# ad-hoc-boost
Welcome to ad-hoc-boost--a model that is specialized for classification in a severely imbalanced-class scenario.

## About
Many data science problems have severely imbalanced classes (e.g. predicting fraudulent transactions, predicting
order-cancellations in food-delivery, predicting if a day in Berlin will be sunny). In these situations, predicting the
positive class is hard! This module aims to alleviate some of that.

The `AdHocBoost` model works by creating `n` sequential models. The first `n-1` models can most aptly be thought of
as dataset filtering models, i.e. each one does a good job at classifying rows as "definitely _not_ the positive class"
versus "maybe the positive class". The `nth` model only works on this filtered "maybe positive" data.

Like this, the class imbalance is alleviated at each filter-step, such that by the time the dataset is filtered for
final classification by the `nth` model, the classes are considerably more balanced.

## Run Instructions
1. Clone this module to a location of your choice.
2. Set an environment variable in your `src` file of choice (e.g. `~/.zshrc` or `~/.bash_profile`) corresponding to the
   location of where you cloned the module. It should read something like
   `export AD_HOC_BOOST_HOME="path/to/your/ad_hoc_boost"`.

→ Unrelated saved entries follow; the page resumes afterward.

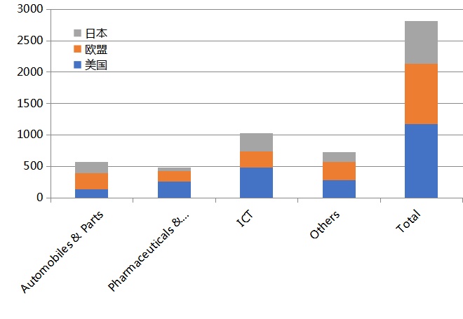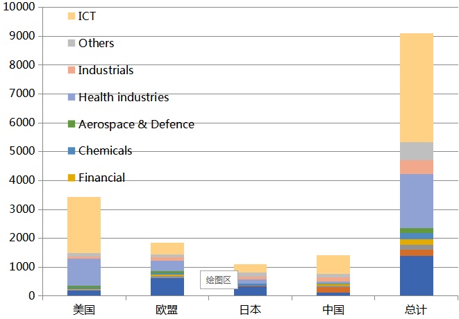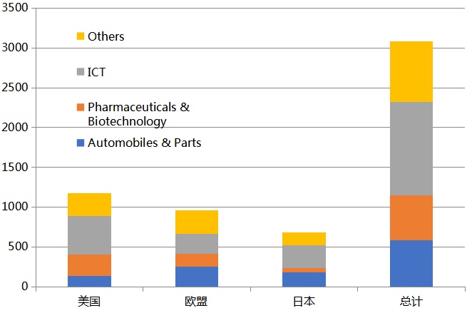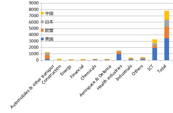 相较于其他行业,美国和中国的研发密集型公司在ICT行业进行了更多的研发投入,而欧盟和日本的研发密集型公司则在ICT行业的研发投入不断减弱。
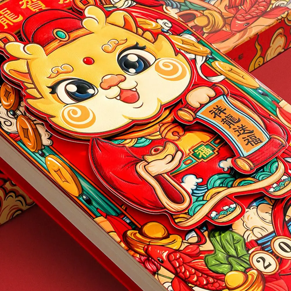 Adornado con elementos festivos en la espalda y encuadernación de animales auspiciosos de metal para un toque elegante y hermoso.
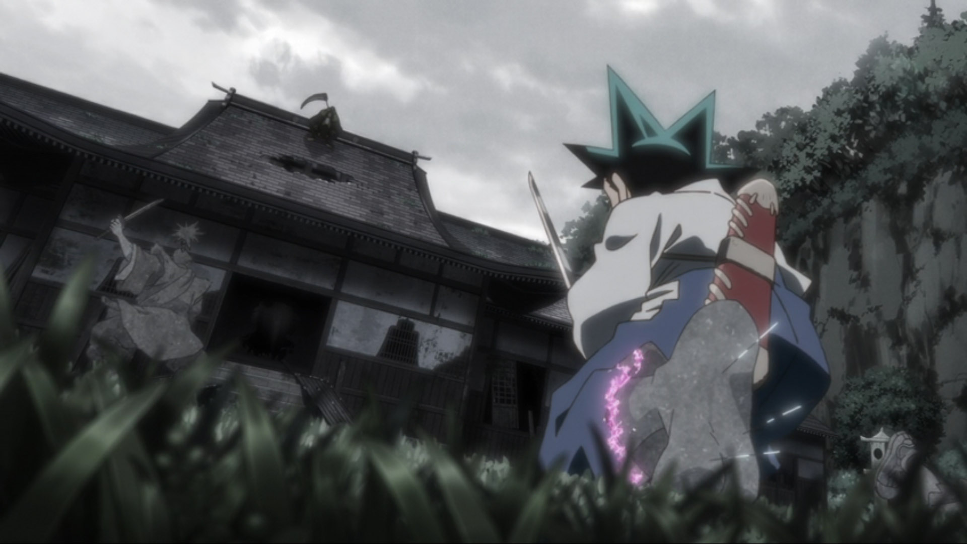 仲間たちが次々と石化され、ヤイバも立ち向かい何とか下駄で受け止めて石化を回避し続けますが、途中で逆の裸足状態の足を出してしまい、足の裏に毒針が刺さりじわじわと石化していきます

3. Use the herein contained `env.yml` file to create an environment, by running
   `conda env create --file env.yml --prefix $AD_HOC_BOOST_HOME/env`. This can take some time, as much as ~15
   minutes, as some dependencies are large and difficult to resolve (e.g. `google-cloud`).
4. Activate your new environment with `conda activate $AD_HOC_BOOST_HOME/env`.

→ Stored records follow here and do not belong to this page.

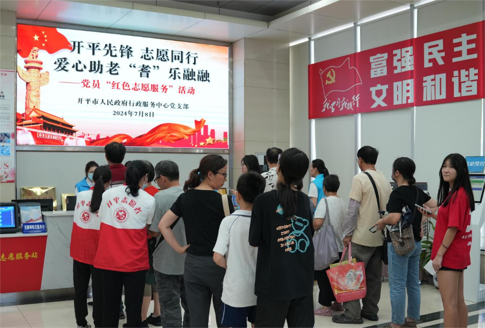 行政服务大厅一楼进行,为了活动的有序开展,党员志愿者们早早候在一旁,引导群众有序排队,并为长者们提供咨询、预约、引路等志愿服务。 活动现场,党员志愿者们聚焦老年人的政务服务需求,向长者们讲解网上预约的操作流程与变化,对长者的问题一一解答,并收集他们的意见,达到把服务送到长者心坎里的效果。 此次活动,党员们以志愿服务践行初心使命,其亮明党员身份、彰显先锋风采的实际行动,让长者们感受到老有所依、老有所安的温暖,营造了“耆”乐融融的氛围。活动得到了良好的反响,也鼓舞着党员们持续以自己的行动诠释党员担当,全力以赴推动全社会形成爱心助老的良好风尚。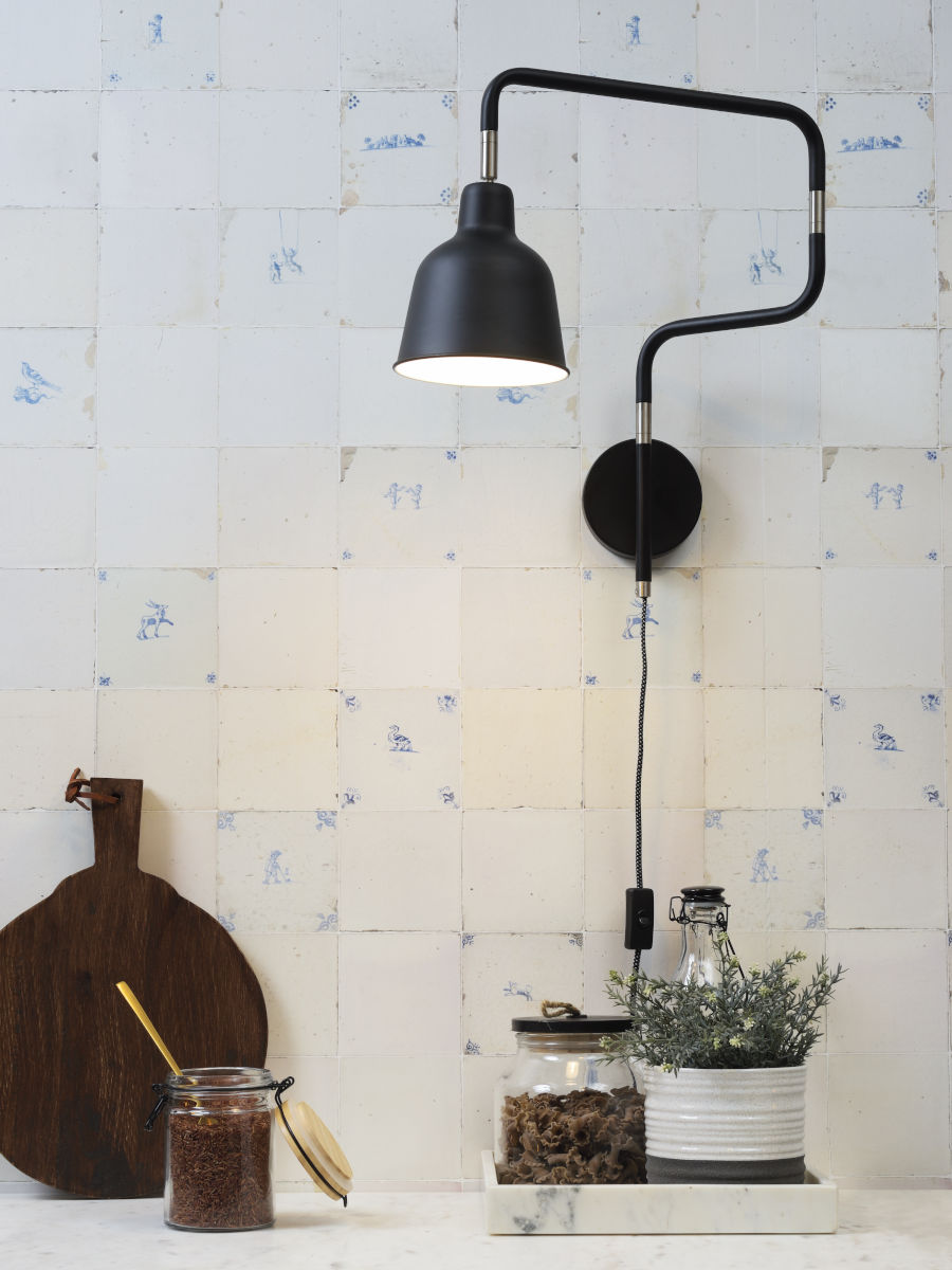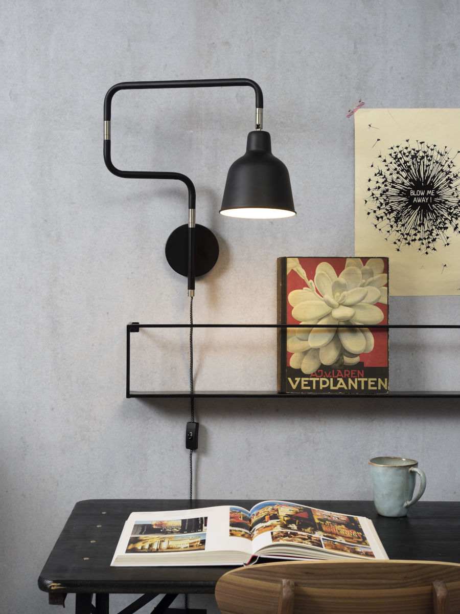 Lámpara de pared negra retorcida ajustable de It’s About RoMi London. Agrega un estilo retro único a tu comedor, dormitorio o sala de estar. Adecuada para casquillo E27 y a prueba de polvo (IP20). Fuente de luz no incluida. Para una iluminación llamativa y flexible.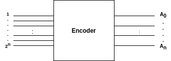 An encoder is a combinational circuit that performs reverse function of a decoder. It accepts 2n input and produces output in n output lines. This process of generating codes based on the values of input lines is called encoding.
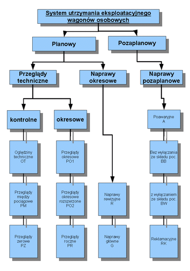 5. Graficzne przedstawienie struktury systemu utrzymania eksploatacyjnego wagonów osobowych przedstawione jest na rys. 1.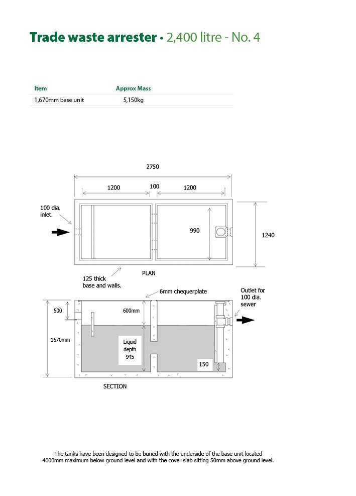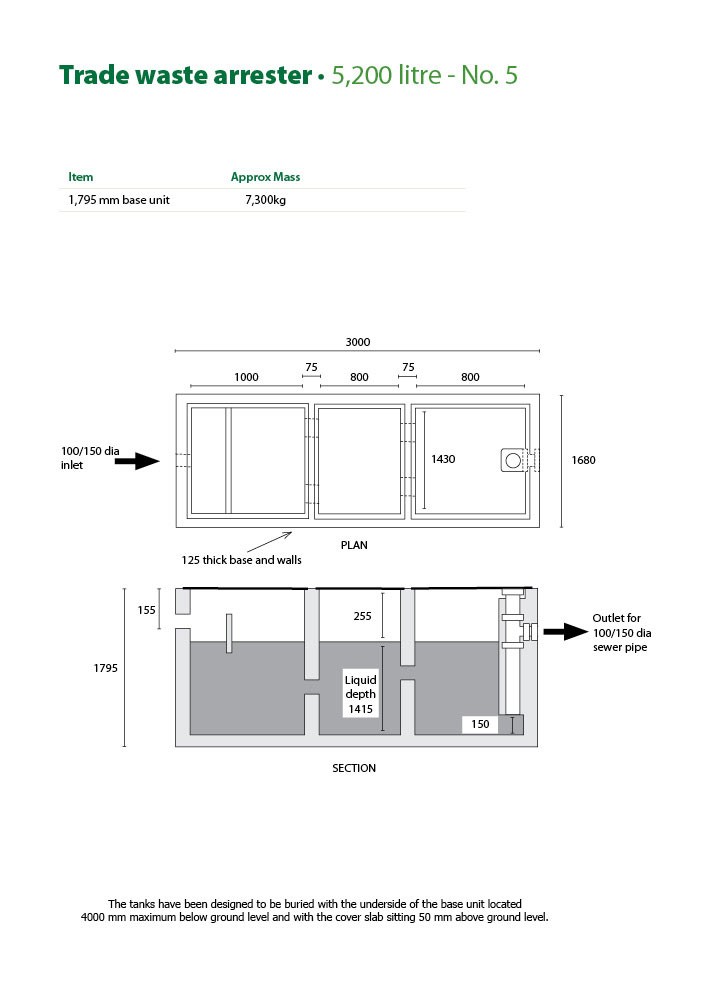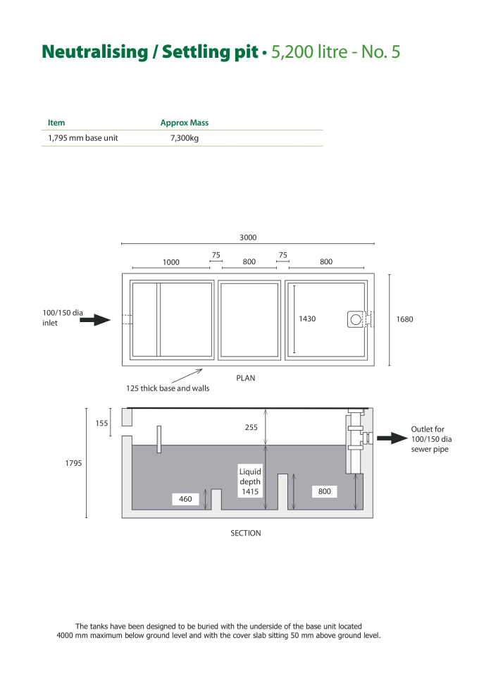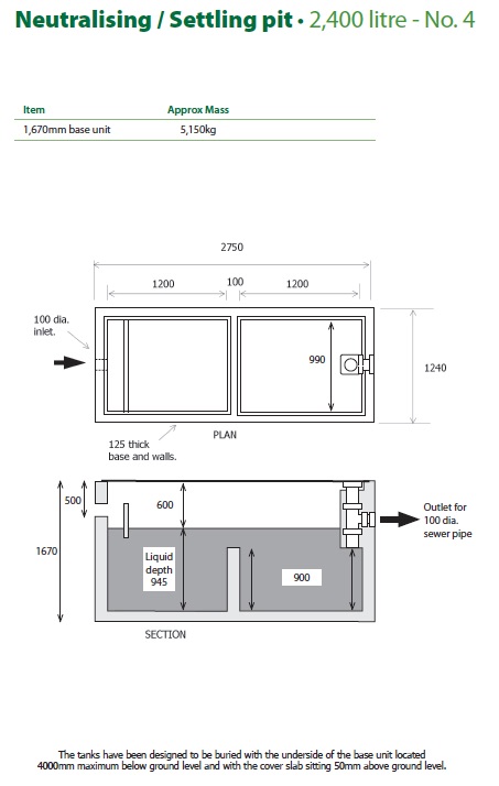 - The No. 4 and No. 5 tanks have been designed to be buried with the underside of the base unit located a maximum of 4,000mm below ground level and with the cover slab sitting 50mm above ground level.

   It probably works similarly with pip--we leave that as an exercise for the reader ;)
4. To see an example in action, check out the file at `./scripts/example.py`.

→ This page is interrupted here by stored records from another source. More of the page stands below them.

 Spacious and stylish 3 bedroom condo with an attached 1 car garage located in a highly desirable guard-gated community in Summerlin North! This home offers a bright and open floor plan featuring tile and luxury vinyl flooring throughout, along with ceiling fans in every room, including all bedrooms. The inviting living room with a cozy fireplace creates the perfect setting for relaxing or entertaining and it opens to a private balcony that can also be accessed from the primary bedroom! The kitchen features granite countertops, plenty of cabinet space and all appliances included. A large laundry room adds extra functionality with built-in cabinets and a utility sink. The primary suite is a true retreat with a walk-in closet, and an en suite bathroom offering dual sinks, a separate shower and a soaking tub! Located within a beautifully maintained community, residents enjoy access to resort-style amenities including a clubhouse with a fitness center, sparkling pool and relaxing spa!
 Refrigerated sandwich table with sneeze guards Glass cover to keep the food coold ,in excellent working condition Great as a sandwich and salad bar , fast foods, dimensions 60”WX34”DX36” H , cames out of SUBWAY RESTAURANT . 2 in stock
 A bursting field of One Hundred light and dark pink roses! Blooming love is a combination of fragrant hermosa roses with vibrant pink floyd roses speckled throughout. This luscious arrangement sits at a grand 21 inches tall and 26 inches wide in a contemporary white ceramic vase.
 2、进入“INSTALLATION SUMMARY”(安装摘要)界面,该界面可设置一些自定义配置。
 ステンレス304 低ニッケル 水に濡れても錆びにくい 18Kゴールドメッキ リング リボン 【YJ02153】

5. To run `./scripts/example.py`, you'll need to hit bigquery! Make sure that you have a 
   `GOOGLE_CLOUD_PROJECT=<your-project-here>` configured in your `src` file of choice.
   
## Other Notes and Documentation
The `AdHocBoost` conforms to a sklearn-like API: to use it, you simply instantiate it, and then use
`.fit()`, `.predict()`, and `.predict_proba()` as you see... fit ;).